─── INFORMATION GIVEN ───

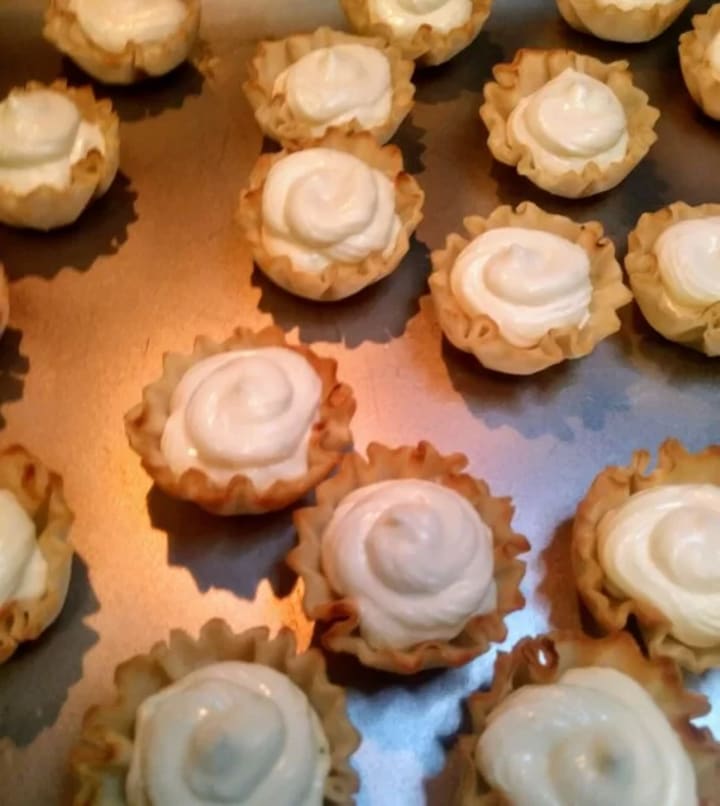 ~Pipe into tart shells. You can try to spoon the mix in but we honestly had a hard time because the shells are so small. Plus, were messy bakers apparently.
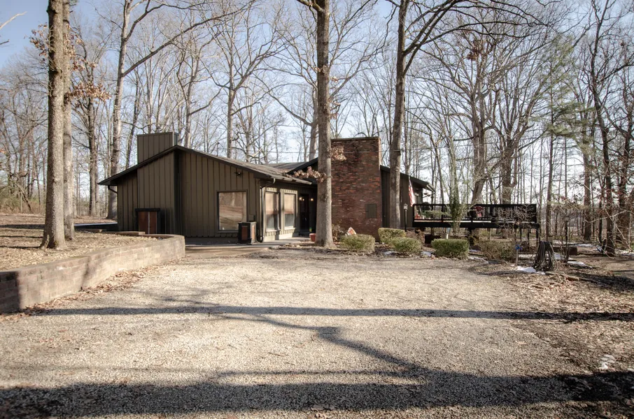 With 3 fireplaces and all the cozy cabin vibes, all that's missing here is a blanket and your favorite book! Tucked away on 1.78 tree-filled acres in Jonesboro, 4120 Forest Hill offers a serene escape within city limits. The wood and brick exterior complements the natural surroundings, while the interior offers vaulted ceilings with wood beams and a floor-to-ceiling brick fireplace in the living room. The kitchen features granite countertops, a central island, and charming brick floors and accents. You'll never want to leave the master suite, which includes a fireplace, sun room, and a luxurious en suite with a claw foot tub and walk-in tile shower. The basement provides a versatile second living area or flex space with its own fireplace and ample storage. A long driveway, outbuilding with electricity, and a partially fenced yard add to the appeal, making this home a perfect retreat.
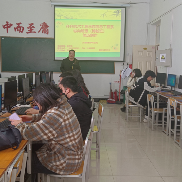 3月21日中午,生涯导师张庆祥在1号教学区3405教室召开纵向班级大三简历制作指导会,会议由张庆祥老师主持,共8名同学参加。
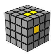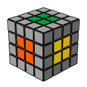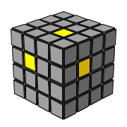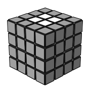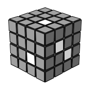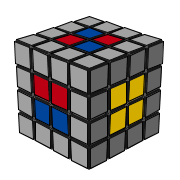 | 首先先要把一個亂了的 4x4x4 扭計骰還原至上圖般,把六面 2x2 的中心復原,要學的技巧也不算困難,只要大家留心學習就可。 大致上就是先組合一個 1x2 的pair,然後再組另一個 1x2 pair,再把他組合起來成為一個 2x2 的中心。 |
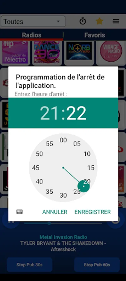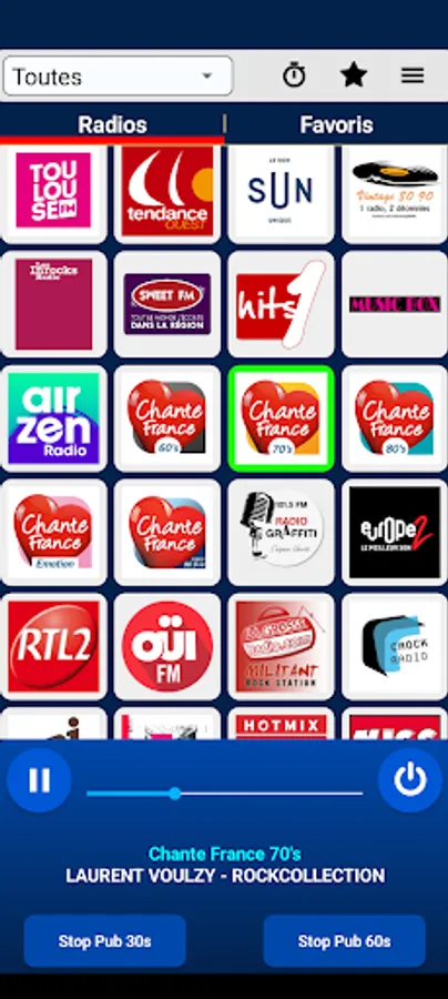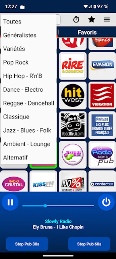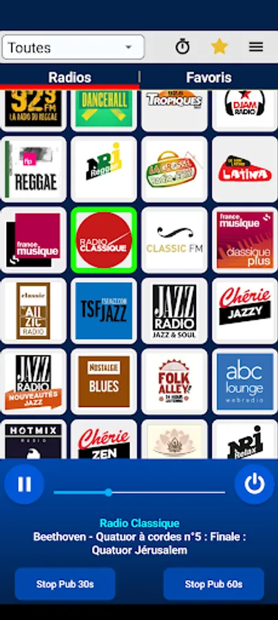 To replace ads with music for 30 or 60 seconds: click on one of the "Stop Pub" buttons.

───

## WORK ITEM
Return exactly the lines from the line with "pair,再把他組合起來成為一個 2x2 的中心。 |" through the last line of the data above, both included; pictures do not go in the answer.

## ANSWER TO THE PROBLEM
 | 首先先要把一個亂了的 4x4x4 扭計骰還原至上圖般,把六面 2x2 的中心復原,要學的技巧也不算困難,只要大家留心學習就可。 大致上就是先組合一個 1x2 的pair,然後再組另一個 1x2 pair,再把他組合起來成為一個 2x2 的中心。 |
 To replace ads with music for 30 or 60 seconds: click on one of the "Stop Pub" buttons.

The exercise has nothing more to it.